Article 5EE. EMS Retirement Equity, Tax Relief, and Workforce Support Act.

§16-5EE-1. Short Title.

This Act shall be known and cited as the "EMS Retirement Equity, Tax Relief, and Workforce Support Act."

§16-5EE-2. Legislative Findings.

The Legislature finds that:

Emergency Medical Services personnel provide critical, life-saving care under high-risk and high-stress conditions throughout their careers.

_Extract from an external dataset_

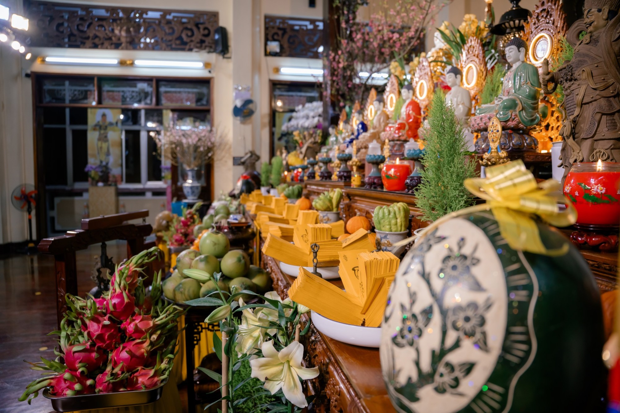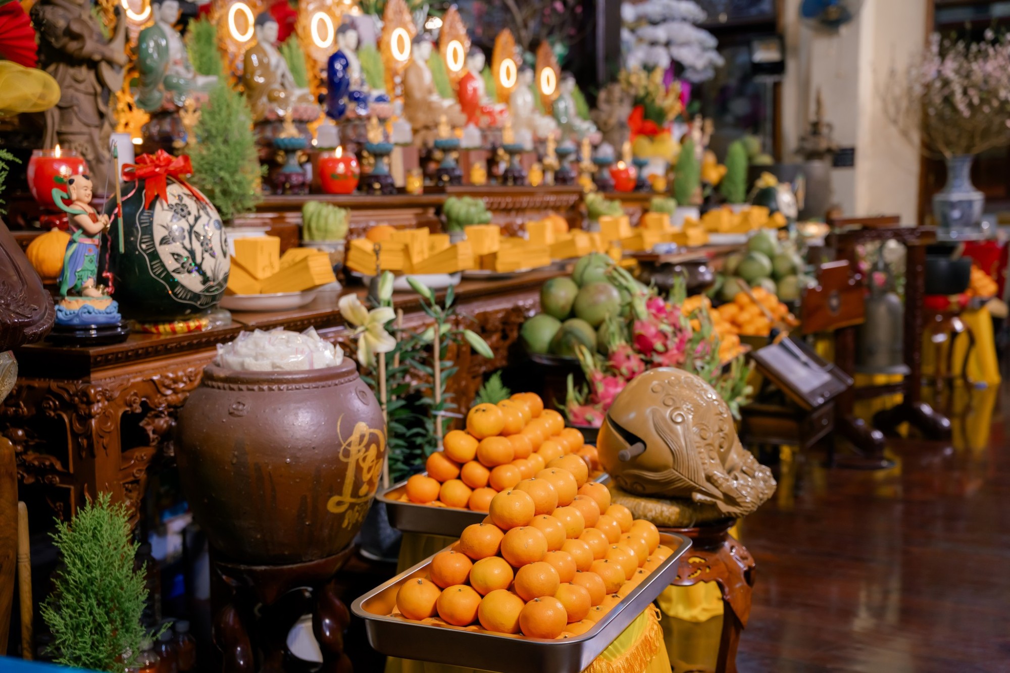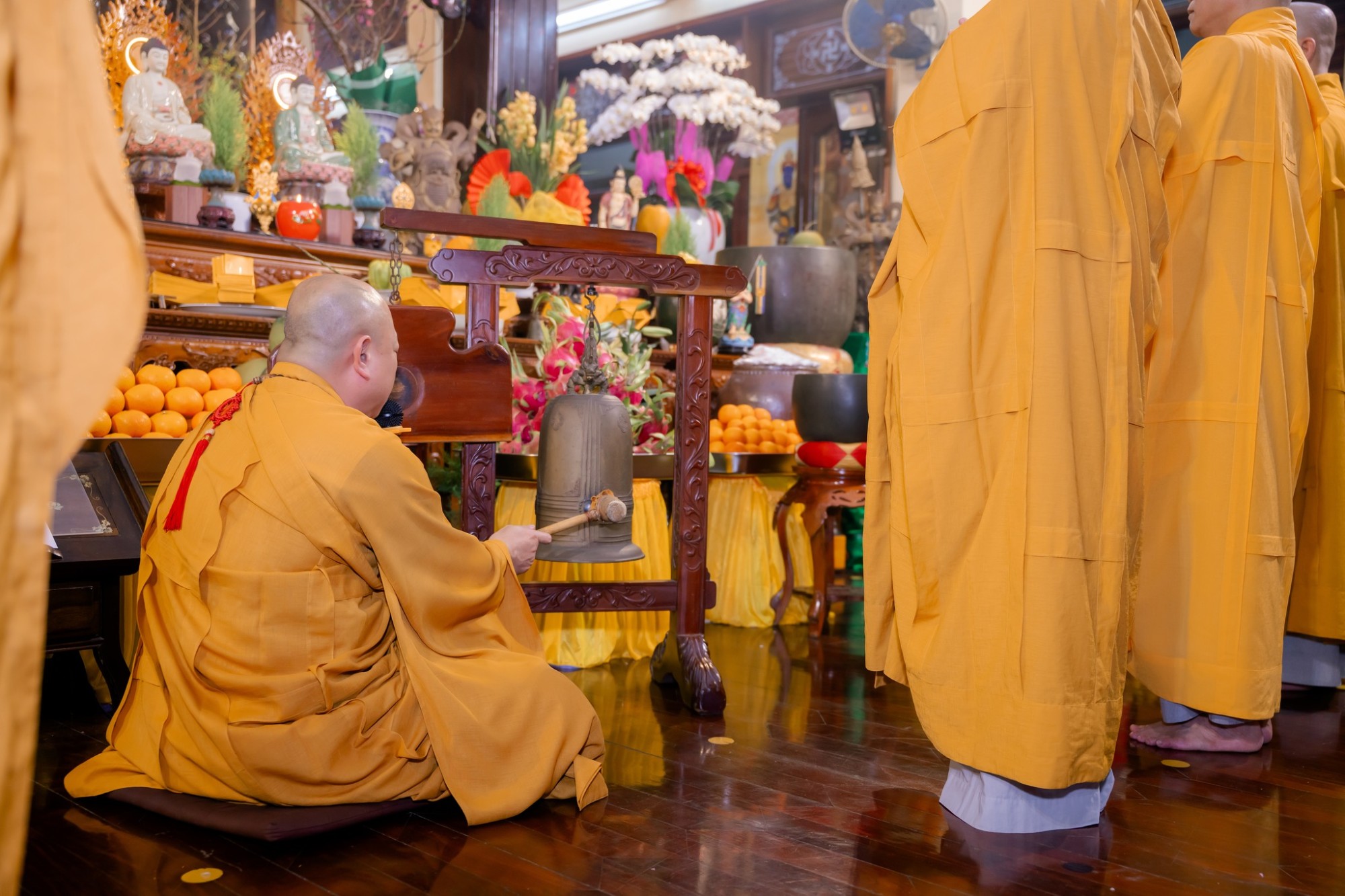 Trong không gian trang nghiêm ấy, hình ảnh những tà áo dài xuân, từ người lớn đến trẻ nhỏ, nhẹ bước lễ Phật càng làm bừng sáng bức tranh xuân nơi cửa thiền, thanh tịnh và ấm áp đến lạ thường.
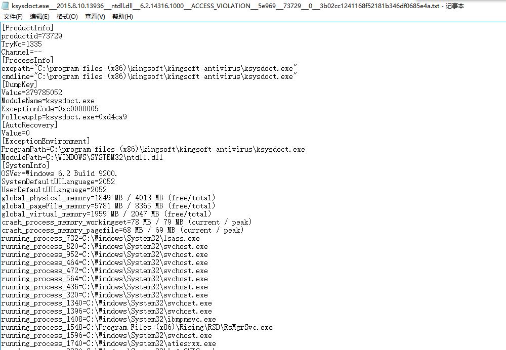 瑞星还要 人工到 安装目录下 ,又是 巴拉 升级日志 ,又是 查找 dmp 文件 , 哎 ,

The current retirement formula for EMSRS does not adequately reflect the total value or burden of EMS service.

Aligning retirement benefits with a member’s five highest-earning years recognizes peak contributions and supports long-term recruitment and retention.

Exempting EMSRS retirement income from state taxation is a fair and reasonable acknowledgment of public service and will promote retirement security.

Removing the 1040-hour limitation for retired EMS professionals returning to work in areas of need will help address workforce shortages and ensure timely emergency response for West Virginia communities.

§16-5EE-3. Severability.

If any provision of this Act or its application to any person or circumstance is found to be invalid, the remainder of the Act and its application shall remain in full force and effect.

§16-5EE-4. Effective Date.

This article shall take effect on July 1, 2026.

 

NOTE: The purpose of this bill is to create the EMS Retirement Equity, Tax Relief, and Workforce Support Act.

Strike-throughs indicate language that would be stricken from a heading or the present law and underscoring indicates new language that would be added.